Private ventures make plans for six-month voyage

Mars One, founded by Dutch entrepreneur Bas Landorp, isn’t the only organization planning on sending humans to Mars. Richard Branson, English business mogul and founder of the Virgin Group, intends to start a community of humans on the Red Planet. 

Canadian-American engineer Elon Musk, CEO of SpaceX and Tesla Motors, also plans to move to Mars. Last year, he unveiled an ambitious Mars settlement program, with a goal of establishing a Martian colony of more than 80,000 people who would be ferried over to the Red Planet for about $500,000 each.

NASA scientists are also preparing for the possibility of manned missions to Mars to further explore the planet.

The prospect of finding life on Mars got a little more enticing this year.

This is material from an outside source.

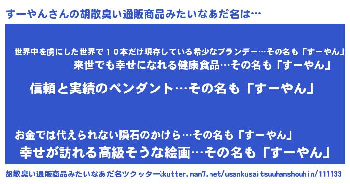 | ヒーロー風カッコイイあだ名 | 『魔戒騎士スー』『仮面スーダー』 |

NASA’s Curiosity Rover -- launched in 2011 --- found evidence of fresh water at the planet’s Yellowknife Bay site, which would have been favourable to microbial life.

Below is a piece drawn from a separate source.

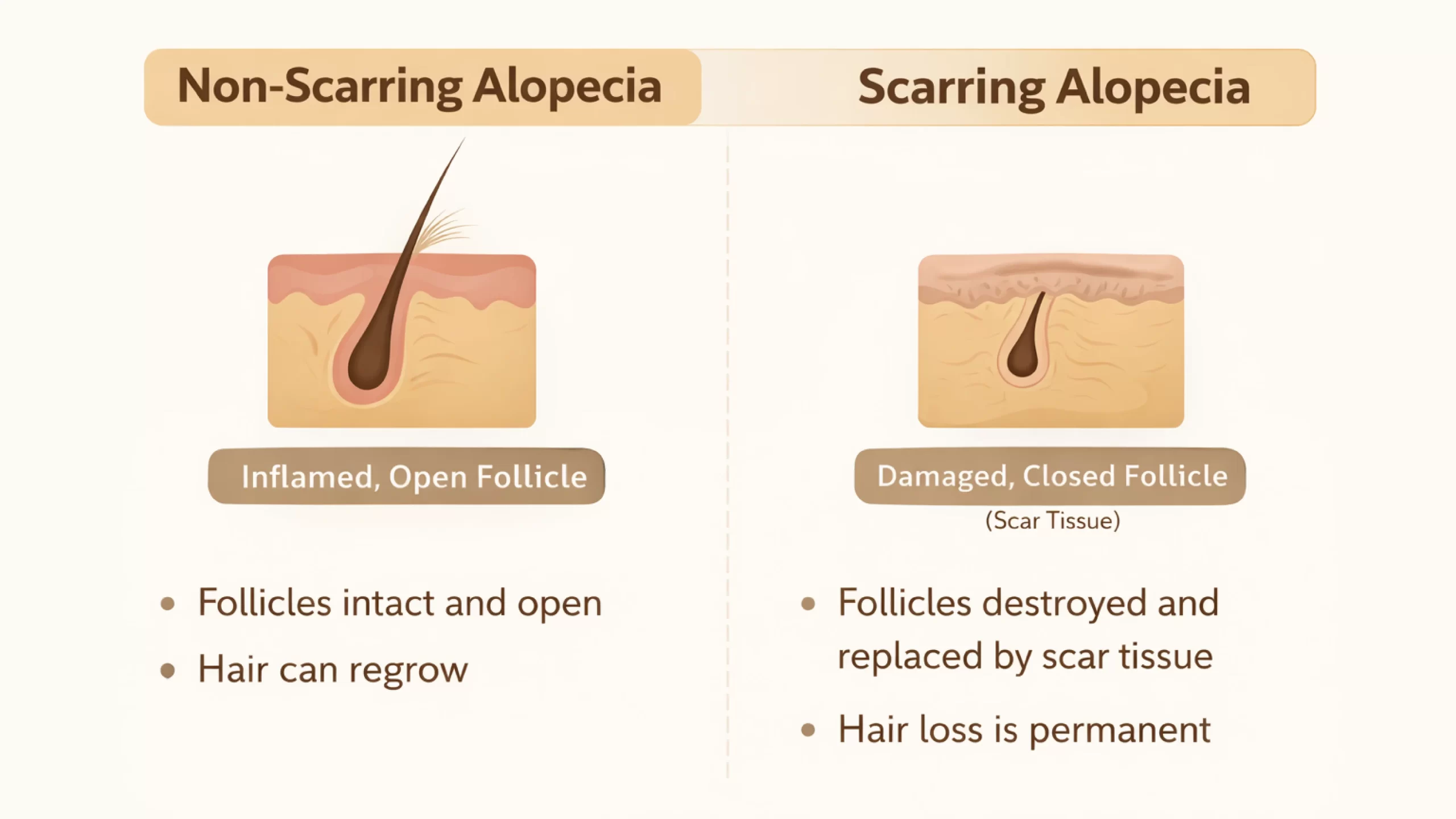 Alopecia is often grouped into scarring and non-scarring types. This distinction helps explain whether hair can grow back.

And some scientists are saying if there’s no evidence of life on the Red Planet, why not send some?

NASA scientist Chris McKay is a leading researcher on finding organics on Mars. He’s also a main advocate for terraforming the planet -- which literally translates to “Earth shaping” -- to make Mars habitable.

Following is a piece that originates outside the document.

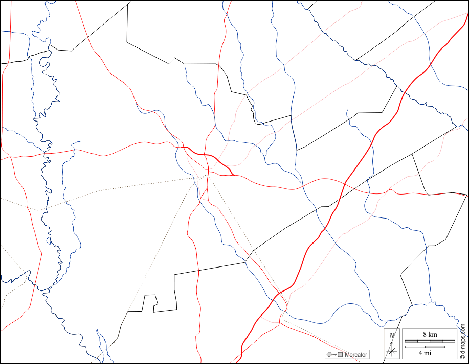 d-maps > United States of America (USA) > South Carolina > Sumter County > boundaries, hydrography, roads, white

The fundamental way to terraform Mars is to warm it up by releasing greenhouse gases into the atmosphere -- something humans knowhow to do “remarkably efficiently,” McKay told CTVNews.ca.

Humans have been inadvertently releasing greenhouse gases into the Earth’s atmosphere for centuries, contributing to warmer global temperatures.  “So what’s bad for Earth would be good for Mars,” McKay said.

Temperatures at the equator in the summer can reach a high of 20 degrees Celsius, but the average temperature on Mars is about -62C.

‘We need a new home’

While McKay supports terraforming for the simple reason that some life is better than no life, Nicole Willett, education director for the space advocacy group The Mars Society, takes the idea even further.

With the Earth’s population increasing by about 1 billion every 10 years in recent decades, Willett fears humans have overextended Earth’s resources. “We need a new home for that reason,” she told CTVNews.ca.

The Mars Society will send six volunteers to the organization’s Flashline Mars Arctic Research Station in the Canadian arctic, as part of a 2014 yearlong mock mission to Mars. 

Just like astronauts, the volunteers, who will be conducting research in spacesuits, will spend time studying carbon release from permafrost, as well as human performance in extreme conditions.

Willett said the mineral content of Martian soil has everything terrestrial life requires to survive: carbon, hydrogen, nitrogen, oxygen, phosphorus and sulfur. And humans could easily adapt to Mars’ 24-hour-and-39-minute days. 

“If we go to Mars and find that there is no life, or if we find that the life is the same as Earth, then we can just move in and send more Earth life there,” McKay said.

There’s not enough oxygen on the planet, however, and the atmosphere pressure is thin, so humans would need to live in an enclosed pressurized habitat with a source of oxygen.

Willett said greenhouses would be needed to generate oxygen since Mars’ atmosphere is only 0.13 per cent oxygen, while the Earth’s atmosphere is 21 per cent oxygen.

“If we terraform Mars, we would start by setting up habitats, with plants and greenhouses, and eventually, you could be able to plant algae,” Willett said.

“Over time, 900 to 1,000 years or so, there might be enough pressure in the atmosphere to walk outside without a spacesuit on. The water in the ground would melt, and rivers would flow and it would rain eventually. It would be very Earth-like.”